Regierungsrätin ist «abgehoben»

Eine weitere Premiere gab es für Regierungsrätin Brigit Wyss. Die Volkswirtschaftsdirektorin flog zum ersten Mal in ihrem Leben in einem Kleinflugzeug – und dies gleich in einem Elektroflugzeug. Sie dürfte damit auch die erste hohe Politikerin der Schweiz sein, die mit einem Elektroflugzeug geflogen ist. Leider war der magistrale Jungfernflug aus Gründen der Zulassung mit einem Flugzeug noch nicht möglich, welches ein Schweizerkreuz am Seitensteuer trägt. So sprang Pilot und eTrophy-Gewinner Martin Stepanek in die Lücke und führte die Regierungsrätin an Bord eines tschechischen Luftfahrzeugs über die schöne Landschaft des Jurasüdfusses, des Aaretals und des Bucheggbergs. «Es war sehr eindrücklich und schön», freute sich Brigit Wyss, als sie unter Applaus des Publikums – darunter Kantonsratspräsidentin Verena Meyer und Grenchens Stadtpräsident François Scheidegger – aus dem Flugzeug stieg.
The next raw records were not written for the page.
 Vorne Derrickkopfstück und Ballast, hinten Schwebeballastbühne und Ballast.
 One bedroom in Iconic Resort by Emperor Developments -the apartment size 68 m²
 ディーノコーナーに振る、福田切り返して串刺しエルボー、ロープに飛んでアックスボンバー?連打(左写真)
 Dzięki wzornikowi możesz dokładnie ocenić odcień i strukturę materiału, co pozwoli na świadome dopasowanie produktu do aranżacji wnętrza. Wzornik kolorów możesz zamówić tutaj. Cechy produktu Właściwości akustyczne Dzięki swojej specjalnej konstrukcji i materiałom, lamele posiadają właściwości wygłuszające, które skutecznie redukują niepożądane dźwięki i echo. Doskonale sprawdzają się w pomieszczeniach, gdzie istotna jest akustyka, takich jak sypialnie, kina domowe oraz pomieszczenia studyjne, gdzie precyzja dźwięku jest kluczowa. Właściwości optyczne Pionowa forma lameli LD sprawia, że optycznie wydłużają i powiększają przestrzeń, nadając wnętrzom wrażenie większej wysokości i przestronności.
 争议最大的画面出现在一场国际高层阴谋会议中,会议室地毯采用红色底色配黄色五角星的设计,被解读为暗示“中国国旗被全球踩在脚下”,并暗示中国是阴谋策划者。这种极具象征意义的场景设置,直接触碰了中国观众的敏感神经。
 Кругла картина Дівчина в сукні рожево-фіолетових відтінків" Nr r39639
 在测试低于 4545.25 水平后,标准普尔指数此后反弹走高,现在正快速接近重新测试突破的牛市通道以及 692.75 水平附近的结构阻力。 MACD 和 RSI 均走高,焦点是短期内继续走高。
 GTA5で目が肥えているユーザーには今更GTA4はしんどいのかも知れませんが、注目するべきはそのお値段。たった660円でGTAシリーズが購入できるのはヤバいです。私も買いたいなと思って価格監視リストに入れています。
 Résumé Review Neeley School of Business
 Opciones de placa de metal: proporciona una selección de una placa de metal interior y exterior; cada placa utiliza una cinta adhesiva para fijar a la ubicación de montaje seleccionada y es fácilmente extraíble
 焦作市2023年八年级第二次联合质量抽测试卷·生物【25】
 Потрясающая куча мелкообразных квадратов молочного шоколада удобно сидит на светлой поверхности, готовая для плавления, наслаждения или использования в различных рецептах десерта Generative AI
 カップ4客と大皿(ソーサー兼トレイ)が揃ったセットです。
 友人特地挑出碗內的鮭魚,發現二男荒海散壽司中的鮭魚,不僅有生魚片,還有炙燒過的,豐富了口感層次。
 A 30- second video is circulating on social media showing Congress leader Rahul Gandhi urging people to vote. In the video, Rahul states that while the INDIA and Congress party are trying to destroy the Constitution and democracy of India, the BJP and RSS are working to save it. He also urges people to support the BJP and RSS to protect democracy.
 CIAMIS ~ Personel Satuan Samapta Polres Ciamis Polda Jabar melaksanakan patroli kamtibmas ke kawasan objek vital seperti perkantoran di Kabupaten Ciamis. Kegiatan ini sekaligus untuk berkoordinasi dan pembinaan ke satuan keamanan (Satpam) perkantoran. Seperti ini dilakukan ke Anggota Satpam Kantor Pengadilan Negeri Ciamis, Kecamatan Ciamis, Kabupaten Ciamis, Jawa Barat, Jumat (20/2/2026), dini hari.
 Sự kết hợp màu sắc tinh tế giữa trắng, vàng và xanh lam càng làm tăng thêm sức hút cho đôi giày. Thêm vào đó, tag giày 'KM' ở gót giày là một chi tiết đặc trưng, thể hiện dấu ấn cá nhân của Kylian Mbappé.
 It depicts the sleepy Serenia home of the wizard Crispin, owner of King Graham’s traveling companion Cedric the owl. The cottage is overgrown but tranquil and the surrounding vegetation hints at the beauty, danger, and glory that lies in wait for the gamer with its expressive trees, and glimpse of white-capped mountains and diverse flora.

Die Smartflyer-Challenge ist nicht nur ein Fly-in für Elektroflugzeuge, sondern auch ein Symposium. Hochkarätige Referenten beleuchteten in Vorträgen die verschiedenen Aspekte, um die Luftfahrt in eine Zukunft ohne Emission von CO2 zu führen. Dass der Grenchner Anlass eine nationale und internationale Bedeutung erlangt hat, zeigte auch ein Beitrag über die Smartflyer-Challenge am Samstagabend in der Hauptausgabe der SRF-«Tagesschau».
Auch weitere Premieren – neben der erstmaligen Vergabe der eTrophy und dem Flug der Politikerin – fehlten nicht: So wurde an der Smartflyer-Challenge beispielsweise zum ersten Mal der Prototyp des Traveler Hybrid öffentlich präsentiert. Das vierplätzige E-Flugzeug ist ein Projekt von Urs Villiger aus dem Kanton Zug und soll nächstes Jahr zum ersten Mal fliegen.